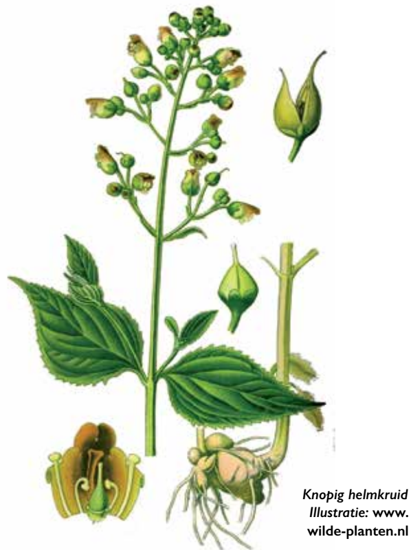
Knopig helmkruid Illustratie: www.wilde-planten.nl
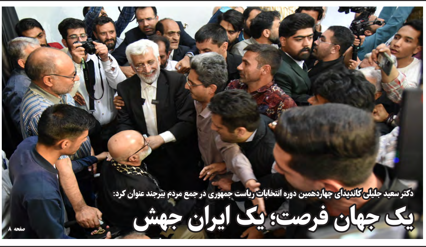
دکتر سعید جلیلی کاندیدای چهاردهمین دوره انتخابات ریاست جمهوری در جمع مردم بیرجند عنوان کرد:
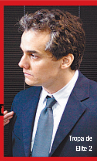
Tropa de Elite 2
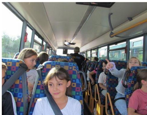
Se tenir correctement pendant le trajet.
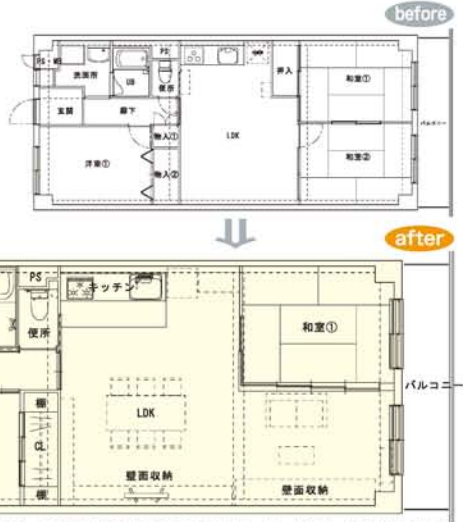
長年の生活でたくさんあった家財も新しい生活のために、スッパリと処分されました。
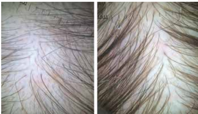
FIGURA 4: Paciente 1: Aspecto da tricoscopia do vértex pré (à esquerda) e pós (à direita) quatro sessões de microagulhamento e injeção de minoxidil

O tratamento clínico possui respostas variáveis e muitas vezes pouco satisfatórias. 4
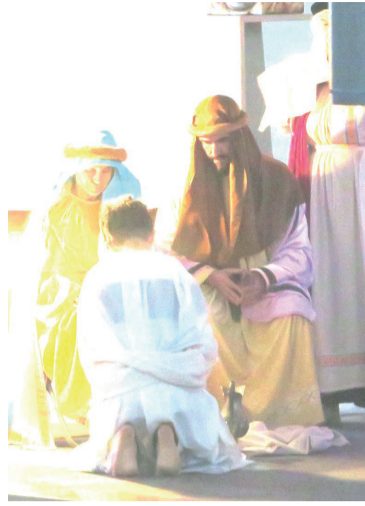
Encenação da última Ceia
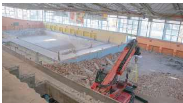
Pod koniec stycznia wykonawca przejął plac budowy. Prace są prowadzone obecnie przede wszystkim wewnątrz hali

Puławy: Ma być więcej miejsca i bardziej funkcjonalnie. Trwa modernizacja starej hali sportowej przy Al. Partyzantów. Inwestycja pochłonie blisko 60 mln zł. Wszystko ma być gotowe na początku 2028 r.
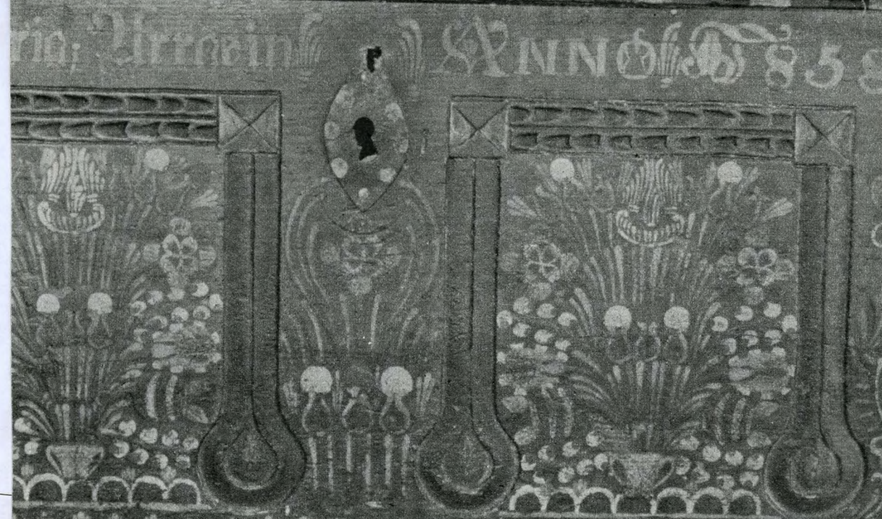
Komáromi láda, rajta baranyai szőttes és hódmezővásárhelyi boros-butykos
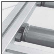
Exemple de montage avec la butée PRF-BP (tome 5 p.382)
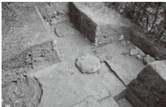
▲ 第4次調査で見つかった礎石と抜取穴

改めて発掘調査を行い、今年発見した礎石が何の建物跡にあたるかを解明したいと考えます。
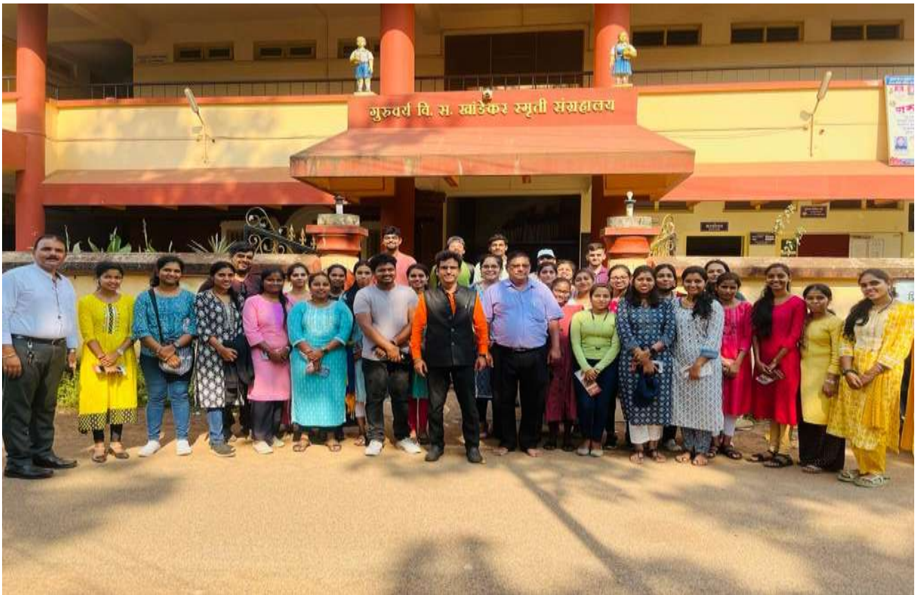
Marathi writer V. S. Khandekar : A school and Museum
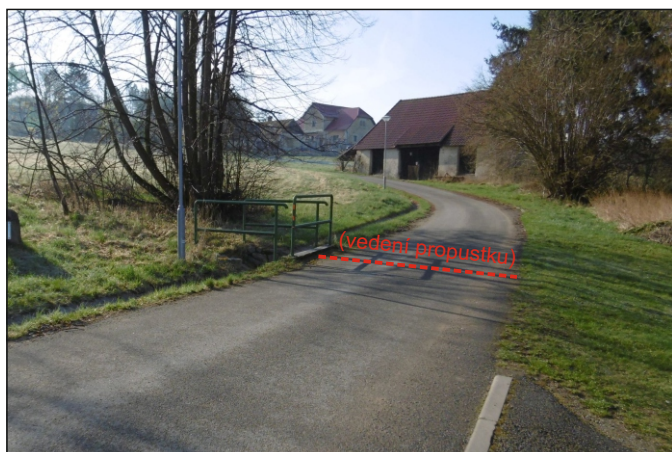
Propustek 1c - staničení 1,315 - pohled zleva
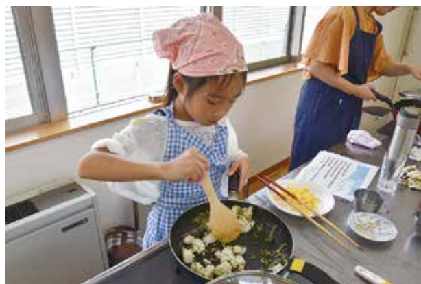
▲茶殻を使った「茶ーハン」。炒めたお茶の葉が良い香り！

池田交流センターで食品ロスゼロ・クッキング教室が行われ、4組10人の親子が参加しました。参加者は食材を「買いすぎず、使いきる、食べきる」ためのポイントを勉強した後、ニンジンの皮やキャベツの芯なども使って調理しました。
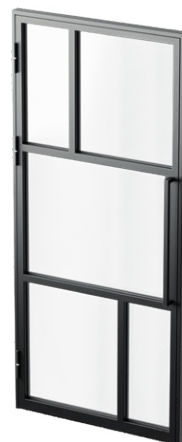
Antaba z pochwytem bez zamka
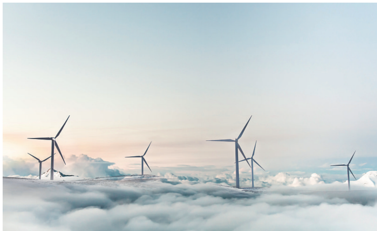
Chancen der Digitalisierung für Energieversorger

Eng mit seiner Heimatstadt verbunden, kümmert sich der Energieversorger darüber hinaus um die Abwasserentsorgung, die Stadtbeleuchtung und Ampelanlagen sowie um den Betrieb bzw. Ausbau von Leitungsnetzen für Strom, Gas, Glasfaser und (Ab-)Wasser. Sein Blick ist fest auf die Zukunft gerichtet. Er investiert u. a. in E-Mobilität, WLAN-Hotspots, energieeffiziente Quartiere und Glasfasernetze. Seiner Verantwortung gegenüber der Umwelt ist er sich – bei allem, was er tut – sehr bewusst. Dementsprechend stammen seine Produkte aus ressourcenschonenden Verfahren.
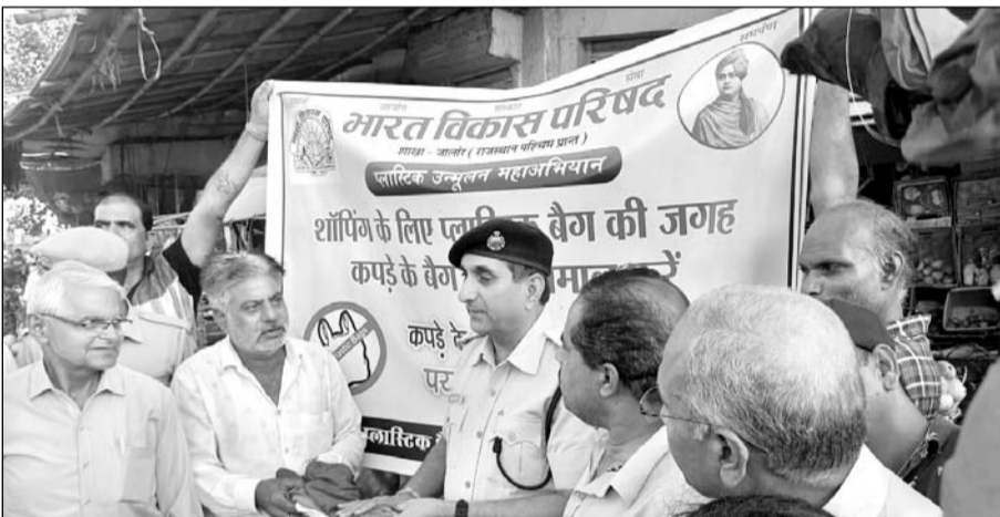
जालौर में भारत विकास परिषद ने प्लास्टिक उन्मूलन अभियान का शुरुआत की।
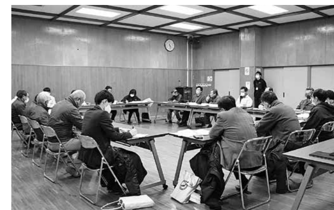
第2回策定委員会の様子
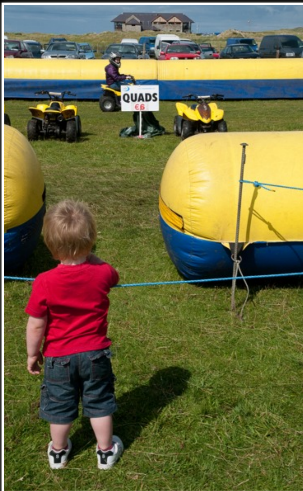
Later als ik groot ben .....
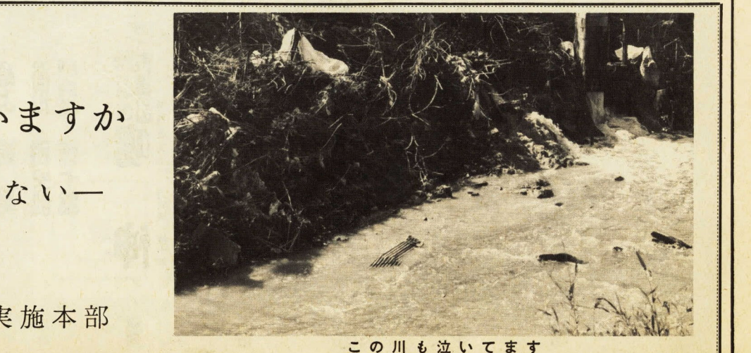
この川も泣いています

あなたの近くの川に 魚は住んでいますか —ごみは捨てない・捨てさせない— 小田原市美化運動実施本部
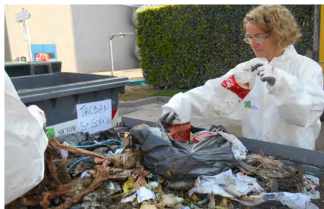
Caractérisation des ordures ménagères

Pour ce faire, un programme d'actions est déployé sur l'ensemble du territoire depuis presque 10 ans : compostage des déchets organiques en établissements (dans les cimetières, au sein des résidences ou des hameaux) ; lutte contre le gaspillage alimentaire dans les selfs des collèges et lycées ; développement du réemploi et de la réparation... Bien évidemment, la simplification des consignes de tri pour les emballages et papiers contribuera, nous l'espérons, à généraliser le geste de tri à l'ensemble de nos usagers et à capter ainsi 100% de ces produits.
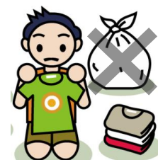
着る服はおさがり
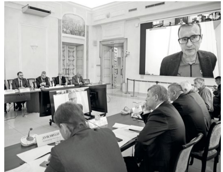
Биржевой вопрос подняли на совместном заседании общественных советов при ФАС и Росрыболовстве

С точки зрения Росрыболовства, аукционные торги рыбой и морепродуктами обеспечат ту же прозрачность и ценовые индикаторы, в которых нуждаются контролирующие ор-
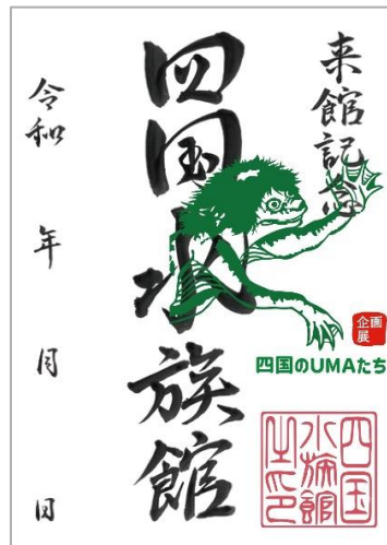
③ 企画展四国のUMAたち河童
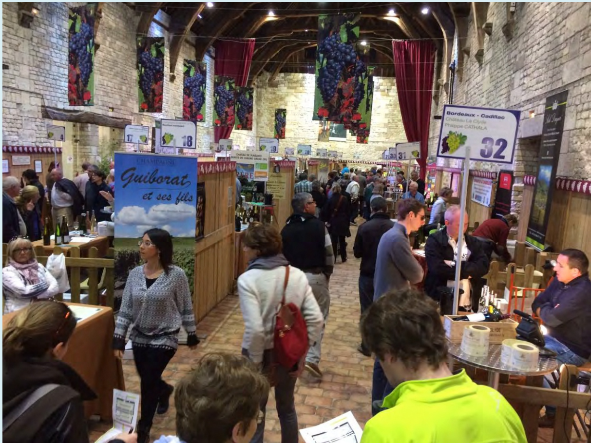
Vue du Grand Grenier à Sel

L'ABUS D'ALCOOL EST DANGEREUX POUR LA SANTÉ. À CONSOMMER AVEC MODÉRATION.

::::::::

Could you copy out every line in the listing where the word "Energieversorger" appears?

Exercise solution —
Chancen der Digitalisierung für Energieversorger
Eng mit seiner Heimatstadt verbunden, kümmert sich der Energieversorger darüber hinaus um die Abwasserentsorgung, die Stadtbeleuchtung und Ampelanlagen sowie um den Betrieb bzw. Ausbau von Leitungsnetzen für Strom, Gas, Glasfaser und (Ab-)Wasser. Sein Blick ist fest auf die Zukunft gerichtet. Er investiert u. a. in E-Mobilität, WLAN-Hotspots, energieeffiziente Quartiere und Glasfasernetze. Seiner Verantwortung gegenüber der Umwelt ist er sich – bei allem, was er tut – sehr bewusst. Dementsprechend stammen seine Produkte aus ressourcenschonenden Verfahren.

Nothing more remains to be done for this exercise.